Google Lens agora é capaz de reconhecer problemas de pele

Nova ferramenta não substitui visita ao dermatologista, mas facilita a vida de quem busca informações complementares de saúde

Thássius Veloso
Por
Marca do Google (Imagem: Vitor Pádua/Tecnoblog)
Marca do Google (Imagem: Vitor Pádua/Tecnoblog)

Combine as câmeras de alta resolução dos celulares atuais com o visão computacional do Google, e você terá uma importante ferramenta para informar sobre eventuais problemas de saúde. O Google informou nesta semana que o sistema Google Lens é capaz de detectar diversas condições relacionadas à pele do usuário.

Tudo começa com o app oficial do Google para Android ou iPhone. Ao enviar uma imagem na área de busca visual, a plataforma apresenta fotos similares àquelas que você mandou.

Na demonstração, a tela do Google Lens diz que “os resultados da busca são apenas informacionais e não um diagnóstico”. Abaixo surgem opções de saber mais sobre dermatite atópica e psoríase, entre outras situações. A própria interface do app do Google lembra que é precisa buscar um médico para receber todas as orientações.

Busca por foto de pele no Google Lens retorna resultado com doenças dermatológicas (Imagem: Divulgação/Google)
Busca por foto de pele no Google Lens retorna resultado com doenças dermatológicas (Imagem: Divulgação/Google)

O potencial da visão computacional

Conforme lembra o portal The Verge, o Google está trabalhando em projetos de inteligência artificial para reconhecimento de imagens há anos. Desde 2021, as ferramentas da empresa são capazes de identificar problemas de saúde relacionados com pele, cabelo e unhas.

A chamada visão computacional tem um baita potencial de auxiliar na vida das pessoas, uma vez que traz informações complementares para preocupações reais dos usuários. Alguns deles, aliás, que normalmente não teriam condições de buscar um médico. Por outro lado, quantas não foram as vezes que pesquisamos por um determinado sintoma no Google e esbarramos em diagnósticos assustadores (e descabidos)? Já aconteceu muito comigo.

Outro ponto a se considerar tem a ver com o viés dos algoritmos.

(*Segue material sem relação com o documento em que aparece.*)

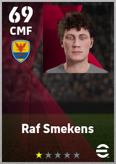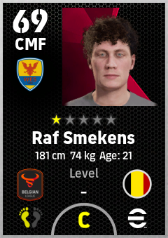 . Raf Smekens is a Center Midfielder footballer from Belgium who plays for Westerlo Gb in eFootball 2026.
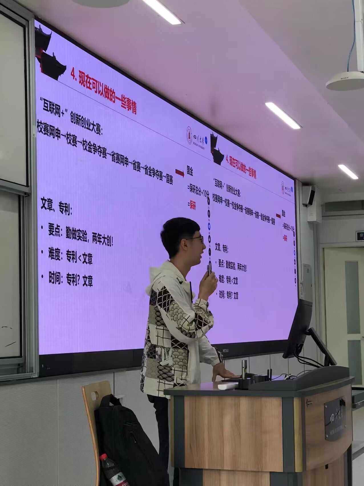 四位2019级的学长从如何安排复习进度、考研课程和资料的选择、各学科的复习方法、备考场所的选择、择校、心态的调试等六个方面分享了自己的备考经验。杨开杰学长还特别提醒了复试时的注意事项,粟亨培学长还对师弟师妹们对大学期间的学习生活给出了有益的意见和建议,并对新能源材料与器件专业的各导师的研究方向给予了简单的介绍。

Muitos dos datasets atuais usados para treinar estes sistemas levam em consideração imagens de pessoas de pele mais clara, o que reduz sua eficácia quando as ferramentas são consultadas por usuários com tons de pele mais escuros.

Mais usabilidade

Por fim, mas não menos importante: a busca a partir de uma foto pode ser muito mais interessante do que tentar descrever em palavras aquilo que está diante de ti.